Saturday, October 6, 2012

The Bird Had It

Every weekday for the last couple months, every since I moved to the city where the night lights hide the stars, I've had to walk past an Obama campaign office.  I've mused over the little figures of the man and the woman, spray painted onto ye olde style sidewalk in blue and pink, and stylized in that oh-so-familiar way; and I've wondered whether they came with the campaign or were inherited from an earlier occupant of the office.  I've side-stepped to avoid the chalked arrows (also pink and blue, if less highly stylized—an arrow is to begin with that much less complex than a human being to begin with) and chuckled inwardly when the fall rains washed them out every evening after dark.  The arrows lead from the street back into the alley where the office door is located and, along with their obvious ephemorality and with the presence of the little man and the little woman, called to mind the story of Hansel and Gretel.  It was hard not just to taste the windows of the office; I suspected them of being sweet, and I was quite sure that the copy machine made gingerbread men.

That was last week.  This week I found a dead chickadee on the sidewalk.  It was lying on its side, pitifully small and damp, washed up in the same diluvian rain that had wiped out the chalked arrow signs.  I thought it was an omen—of what, I wasn't sure.

Well, now I know.


How did this happen?  In ten reasons or less:

1. Red Striped Tie was clearly going to dominate the Blue Spotted Tie.  They lied to you in school: in political terms blue is a girl's color, a liberal color (and recently reported psychological research has identified the liberal personality as more feminine [and the libertarian as more masculine {which should suprise no one (and makes conservativsm the happy medium [and we all know what Aristotle would say about that])}]).  Red is just more forceful, more type A; red stripes are supremely so.  The only thing Obama could have done worse would have been to pull out the Earth Tones.
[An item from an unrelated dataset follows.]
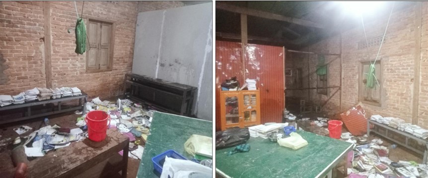 ထိုသို့လုပ်ဆောင်လျက်ရှိရာ ဇူလိုင်လ ၅ ရက် ည ၉ နာရီ အချိန်ခန့်တွင် ပဲခူးတိုင်းဒေသကြီး၊ ရွှေကျင်မြို့နယ်၊ ဆိပ်ကလေးကျေးရွာ၌ ဖွင့်လှစ်ထားပြီး ကျောင်းသူ၊ ကျောင်းသား ၆၃၀ ဦး ပညာသင်ကြားလျက်ရှိသည့် အခြေခံပညာ အထက်တန်းကျောင်းခွဲအား PDF အမည်ခံ အကြမ်းဖက် သမားများက မီးရှို့ကာ ထွက်ခွာသွားခဲ့သဖြင့် မီးလောင်မှု ဖြစ်ပွားခဲ့ရာ ကျေးရွာနေပြည်သူများမှ ဝိုင်းဝန်း မီးငြှိမ်းသတ်ခဲ့ရာ ၁၀ မိနစ်ခန့်အကြာတွင် မီးငြိမ်းသွားခဲ့ပြီး မီးလောင်မှုကြောင့် စာသင်ကျောင်းဝင်း အတွင်းရှိ ဆရာ၊ ဆရာမများ နားနေဆောင် ပေ ၂၀ ပတ်လည် ၂ ခန်းတွဲမှ အခန်းတစ်ခန်းနှင့် စာကြည့်တိုက် အခန်းအတွင်းရှိ ၃ ထပ်သားပြား ၂ ချပ်၊ စားပွဲခုံ ၁ လုံး၊ စာရွက် စာတမ်းများ မီးလောင်ပျက်စီး ဆုံးရှုံးခဲ့ပါသည်။

2. Romney began with a plan.  Obama began with—remind me again?  Oh yes, with a shoutout to the First Lady, of which more later.

3. Romney likes Big Bird; Obama likes Obamacare.

4. Romney smiled; Obama smirked; Romney gazed; Obama shied.

5. Romney corrected Obama, while Obama attacked Romney.  Each was critical of the other, but the way they criticized each other was different.  Underdogs attack; professors correct.  Which leads me to the next point, namely ...

6. Obama got schooled on economics.  It doesn't matter much for the analysis of the debate whose version of the Wall Street debacle was correct: Romney had a coherent narrative about what happened, while Obama had negative comments.  In fact, Romney's narrative overall was more encompassing, as was especially evident in the way ...

7. Romney reached out to the other side.  Both men claim to be good at the bipartisan thing; and again, one can agree or disagree about the wisdom, prudence, and nobility of professing that attitude.  But Obama simply makes the claim that he is, has been, or will be bipartisan.  Romney spoke in a bipartisan way, admitting the necessity of regulations, educational systems, health care, etc.  You the Liberal might not have liked his policies of federalism, but you felt at least that he understood and cared about the things that concerned you.  He embraced your issues.

8. Romney won the Best Description of how to be bipartisan as well.  Obama: "A fight we needed to have."  Romney: "Not because we're going to compromise our principles, but because we have common ground. ... Both love America."

9. At the same time, Romney kept the conservative rhetoric.  "Too Big to Fail" was a great, damning line to use.  The China critereon ("Is the program so critical that it's worth borrowing money from China to pay for it?") was even better.

10. But the real reason Obama lost was that he was unhappy.  You didn't have to look hard to see it—it was just there, written all over him.

Why?  Thursday morning the Office Receptionist and I mused over the coffee pot.  Specifically, we mused over Obama's appropriately uxorious reference to his wedding anniversary, and his promise to his wife: "Next year we won't be celebrating it in front of forty million people."  We mused, and we imagined.  We imagined the conversation that went on in the White House Sunday night.
"You mean to tell me you are the leader of the Free World, and you can't move the debate to Tuesday night?"

No offense to the lady: I probably would have said the same.